It was springtime, yet a pale sun had hidden behind ominous clouds for the most part of the day. At dusk, a light snow fell across the city, making Doris a cautious rider. She was moving down Indian Road, her recently purchased Schwinn on 'manual'. Right foot firmly planted on the pedal, the other ready to facilitate a sudden stop, she kept her eyes peeled to the storm-damaged tarmac, avoiding the worst of the ruts and holes, yet-to-be filled by tightly-budgeted city work crews. Just the thought of taking a slip and tumbling across the road was enough to make her bones ache in fearful anticipation.

The scent of freshly roasted chicken emanating from the machine's rear basket made her anxious for home. Still, she doubted she'd eat right away; she was tired from her weekly stint as a volunteer at the garden centre, and looked forward to an evening nap, that might well extend into the wee hours of the morning. A late-night snack had a good chance of taking precedent over supper during the more civilized hour of eight.

At the entrance to the lot, she was tempted to throw the switch and let the bike go putt-putt-putt down the cobblestone walkway, but reluctantly dismounted and walked toward her closed-in patio behind her ground-floor apartment.
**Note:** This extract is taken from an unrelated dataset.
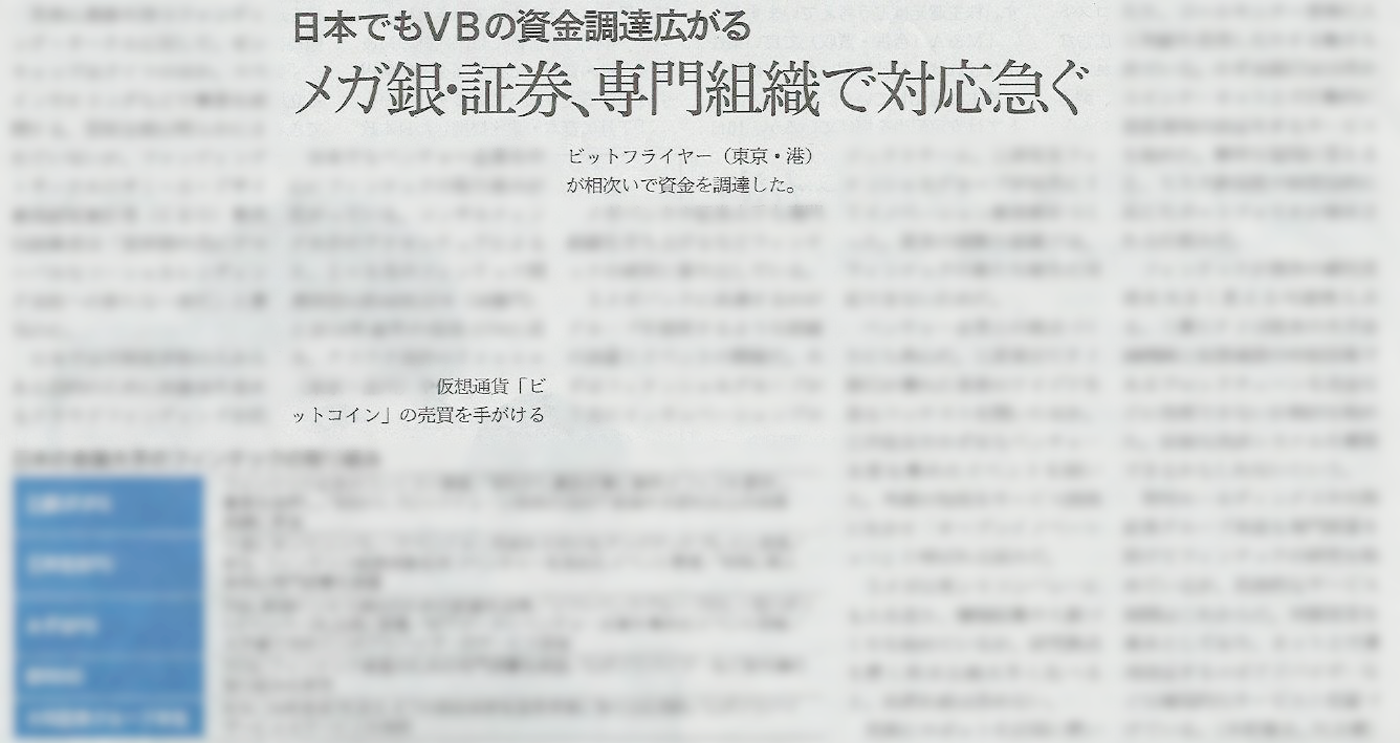 日経ヴェリタス「日本でもVBの資金調達広がる メガ銀・証券、専門組織で対応急ぐ」で弊社の資金調達が取り上げられました。 クラウド会計のfreeeや仮想通貨「ビットコイン」の売買を手がけるビットフライヤーが相次いで資金調達を実施した。 2015-11-30
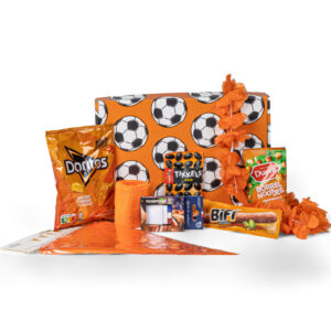 De oranjedoos zit vol met eyecatchers zoals een hawaikrans, oranjebril en fanbrush in rood, wit en blauw. Met de “hup Holland hup” en “jij bent een keepertje” snoepjes krijgt dit WK pakket een speelse en herkenbare twist die meteen zorgt voor een glimlach.

She knew from her years as being a tenant and part of a superintendent team, that the last person to be breaking common-area rules should be either staff or owner of an income property.


Of course it needs re-working - it's done as a 'quick write' kinda' thing . . . but it tells the reader about me:

1) I'm an older woman;
2) I'm one of two things - the owner of an income property - or - a 'wanna be' owner of an income property;
3) It tells the reader that this writer is contemplating the purchase of an EE-lectric bicycle;
4) It tells the reader that I am conscious of other people and how they might feel about me - how they 'would' think about me;
5) It tells the reader that I actually think about being in the situation of owning an apartment building, having an electric bicycle and how I need to nap after having done some work.

It tells how I am, how I feel, what I might like - it tells the reader that I like (enjoy immensely) chicken and that is what I'd choose were I picking up supper for myself after a day's work.

My soul, and I'm sure of this, is unaware of all this.

Were I to 'write from my soul', I'd need to meditate, then write what actually crept into my mind while meditating - that's where I'd find out what my soul would write.

I use dreams in my writing sometimes - dreams actually tell me what I really think, want and how I really feel about things. But that's writing from the 'subconscious' . . .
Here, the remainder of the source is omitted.